Gui, I urge you to play more Dunkey Kong 64 as well. I spoke with you guys with my voice 2 years ago about that game during the third year of telethon, and i want some real closure. it's not just the ooakey cutscene style, weid camera and such... it's that these rare games saddle your character with a TON of extra abilities/mini-games they can only perform. it's the absurdity of some of these collectibles and what it takes to progress in Donkey Kong 64. Yes, there's the color-coordinated banannas that only each character can collect that you have to feed to the door hippo, but there's also things like collecting coins to buy the various upgrades, which are either fueled by Crystal Cocoanuts, individual ammo counters musical notes, or what have you. there's also orange grenades that all the characters can throw.
They basically took all of banjo/Kazooie's overcomplicated move set and spread it over 5 characters while sprinkling in new stuff, and while that's all fine and dandy, it's a lot of keeping track of things through these huge levels and realizing what sections are exclusive to what kong, which kong can play what mini-game to get this golden bananna, etc.
The real kicker though is the Nintendo and Rareware coins. there are one of each of these, and they are both required to beat the game.you get one of these from Cranky Kong, who challenges you to play an old ZX Spectrum game and set the high score. the other one of these you get after Donkey Kong gains his ability to pull levers, unto which you are then tasked with playing through all 4 levels of Donkey Kong on 1 life on the hardest difficulty setting for the arcade cabinet. when you lose, you are booted out of the arcade game and go through a screen transition where you have to watch DK's lever pulling animation and hear the cranking of that music box that scrapes at the back of my mind every time I see that mugging ape's face.
Gui.

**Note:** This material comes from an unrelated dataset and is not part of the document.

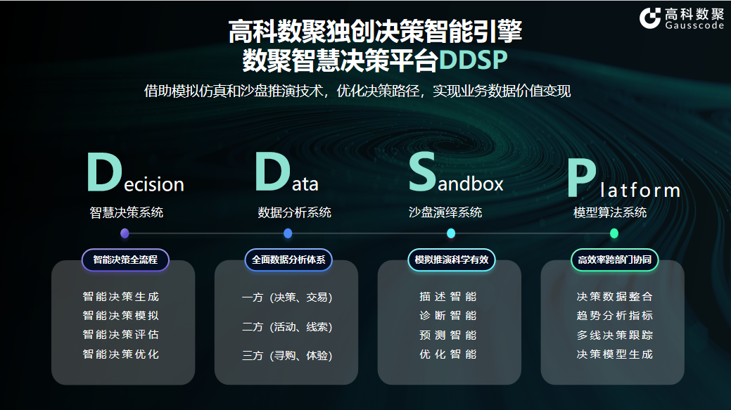 面对市场的高复杂度、高不确定性、高成本和高风险等企业决策背景,J9国际站 J9凭借大决策应用概念,成功在国内推出首个数据驱动决策(Data to Decision)的“大决策”平台——J9国际站 J9智慧决策平台 DDSP (Decision Data Sandbox Platform)。

I want you to play this game all the way to Hideout helm. Invite Sharon to help you. let her play any sections that involve lanky or tiny kong or hand off or something. play the awful split-screen multiplayer or the Engarde' mini-game against each other. something. I want you to experience this game, and I want you to tell me if me and James are just blowing smoke out or asses or if the trauma is real.
Johnny... First of all, Chrono Cross. Play it. it's pretty great when you get past the morbid depression of the game's themes and the weird combat/character drafting system. and if you can't accept Chrono Cross as a sequel, then why not Radical Dreamers? there's a fan translation out for that, and people figured out how to peacemeal most of those satellaview games back together through romhacking!
Second, I don't know if you remember a lil' gem on the Xbox 360 called Blue Dragon that was directed by Sakaguchi, scored by Uematsu, art design was done by Toriyama, etc... actually, it's the game I got with my 360, and I never finished it. I think that's your proof that Chrono Trigger is better off left alone.
Honestly, game announcement that would freak me the **** out? Startropics 3 developed by Next Level games would be something of that level. The problem is that about 3 years ago, I would have answered this question with " A Yoshi platformer made by good-feel" and now that's happening. :x I mean, Yoshi's Wooly world isnt' what I would have exactly envisioned, as I would have described my dream game as something that looks similar to the japanese Yoshi's Island commercials.
https://www.youtube.com/watch?v=41g6YrbRfYo https://www.youtube.com/watch?v=pestMSoNPDE I really love Wario Land Shake-It's art style... and I would have LOVED for there to be a Yoshi game to bear that sort of art.
oh, and a Treasure/Platinum Games joint venture brainchild product that OOZES style and score attack replay value.